I think the biggest shock to my system was the lack of order....How many of you are planner's and like order, structure and systems in your daily living of life?
All my life I've had to have order...I was raised by a single parent....Two brother's one older, w/ add and learning disabilities, one younger very smart, but probably adhd... Mother left for work at 5 AM....So I was the middle son who had to get up and from an early age be the responsible one to try and get dead heads up and to the bus stop on time..LOL....My first marriage of 30 years...I had to have order because of children's schedules, my wife and I both working, also my wife had OCD and PTSD that stemmed from sexual abuse....So again I needed to be strong, and maintain some kind of order...Which is fine....Fast forward to now...My wife and I have cleared a lot of huddles in learning how to co-exist.. thankfully...But in looking at our differences from day one, and even setting here now...I realize there is no order in her life...(Not planning ahead, and waiting to the last minutes is her order) She just kind of flows with the moment...I guess if you can get by with that then it's OK...But, how does that transfer to a relationship with us who like order ? Boy she could tell you her horror stories right here..LOL>....If you like order or feel you have to have it....And she/he does not....Your first priority should be to set-up boundaries....
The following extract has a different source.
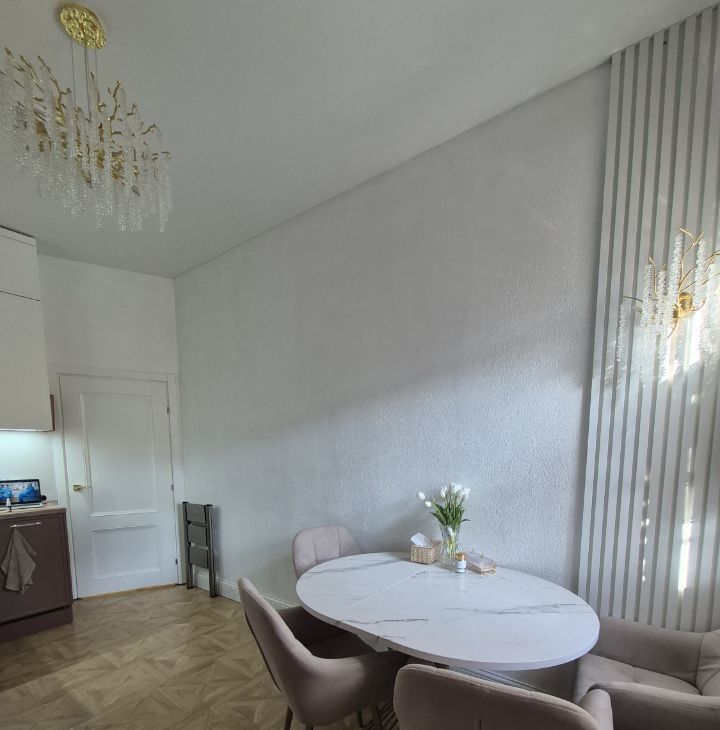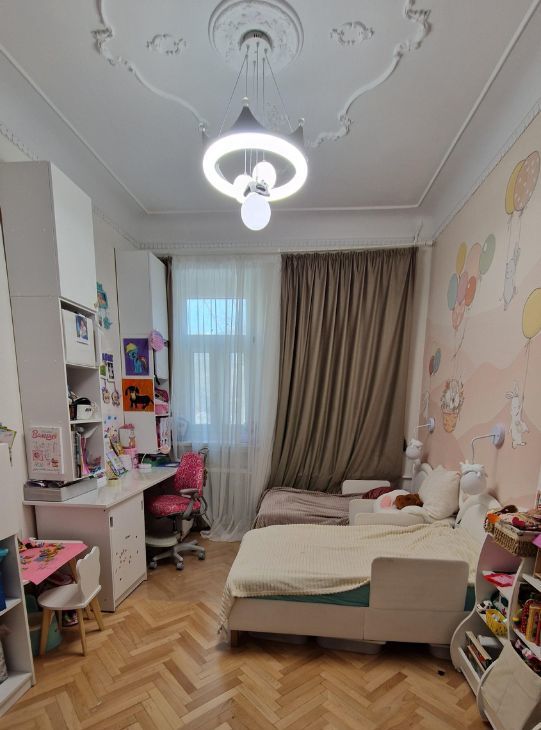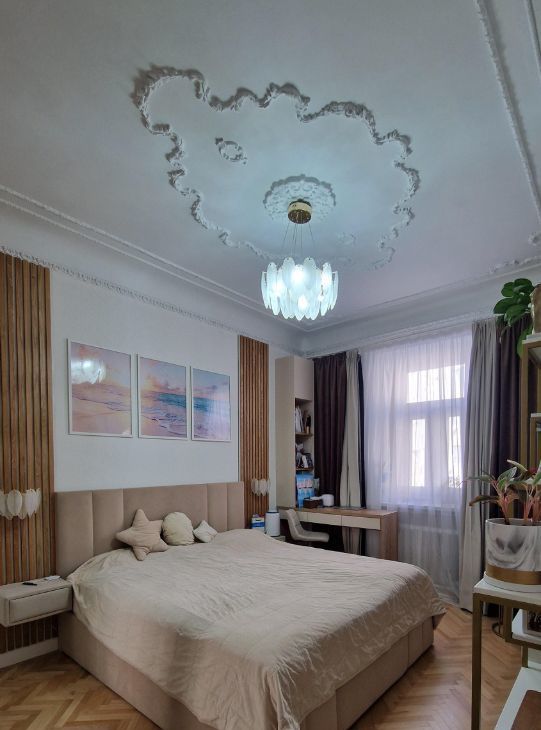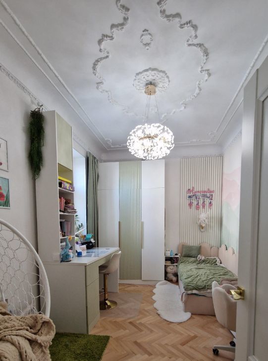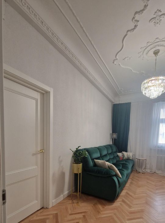Эта эстетичная светлая квартира с оригинальными лепными потолками и паркетными полами не оставит вас равнодушными.

Boundaries have really help me get a handle on my own guilt (and propensity to control;)) for not always being subject to her life style....My past has lead me into a typical servant's mindset, (not that that's bad, but, when it's blindly forced on others or used as an excuse to control it becomes bad) Boundaries are good, they breed accountability and lessen stress on those who without them find themselves being abused...In my case it maybe something as simple as driving separate cars, to be on time for something...or doing my own grocery shopping so I can count on having something I want to eat, Separate taxes, Separate finances...There are just some people and we are two of them who want last until the bread gets done (not in any healthy form anyway) w/o acceptance and boundaries....
I would like to hear from others concerning Order and Structure...If you think it plays a role in your ability or inability to co-exist peacefully with your spouse....
Thanks c ur self;)
C ur self re: lack of order post (one year ago)
Submitted by Zapp10 on
First off to Mihi, J and C ,regarding my printing off "insights" to ADD for my H this past weekend, he did receive them with an open heart and found really helpful value in them. When I handed them to him I said "these help me to understand ADD. I want to understand so I can do what I need to do to help this situation. Read them or not.....that is up to you. I am not bringing ADD up anymore. If and when you want to talk about it you have to be the one that initiates conversation from here on. I believe you feel the same "no hope" that I have experienced for our situation and it's NOT TRUE. However, you need to know I will not continue to live THIS (separate) way indefinitely." He did come to me later and say what I had printed off was VERY helpful and I could see he was being sincere.
About lack of order...
This is one area I have found the most easiest to deal with the more I understood what goes on. oh the time wasted in "nutsville". I organize, to the best I can do, common areas according to what he needs. And I have learned to leave it where it is because "little changes" can be huge to him. One big thing was his clothes. A light bulb moment for me was what" out of sight out of mind" is to him. I do laundry detail. Jeans, underwear, socks and t-shirts in drawers. Fine right? After years of his not being able to "find" these things in his drawers and taking my time to come help him I "got it" Now, there is a small short 2 shelf bench in our laundry/ bathroom. Right from the dryer I fold jeans and place them on the top shelf(counter height) and the underwear, t shirts etc go in a basket on bottom shelf. VOILA!!!! IT benefits BOTH of us.I literally only take ONE step to put his clothes away.
I have also "simplified" the kitchen. Basic pans, utensils etc. Cupboards are not full. Fridge is not packed.
I myself am liking this so "hats off" to ADD. The biggest thing about this is NOT changing things, which I had a propensity to do and now I see the difficulty it caused him.
He has his "own" room for all his hobbies ,office etc and I DO NOT touch it, including cleaning and he does a pretty good job. If it starts to get bad he does see it eventually...and I don't ever say a word except "how nice it looks" (This room is located in the center of activity to our house. You cannot shut a door to it and anyone who comes sees it first thing) I am more impressed at myself for letting go of how he keeps it......and I think it may "help" him be a little more conscious of it.
He has "started" to use a common area to bring some overflow into but for the time being I am saying nothing. Should it increase I would speak up, but in the meantime, it's fine(with me)
Also simplified winter things like hats, gloves and oohh so much easier. No more....."have you seen...."
C or anyone else, any more "hints" for these, to me, less serious sides of ADD? I find lightening his load lightens mine....and I love that.
Now if we could just make even a little headway on communication( the killer for me).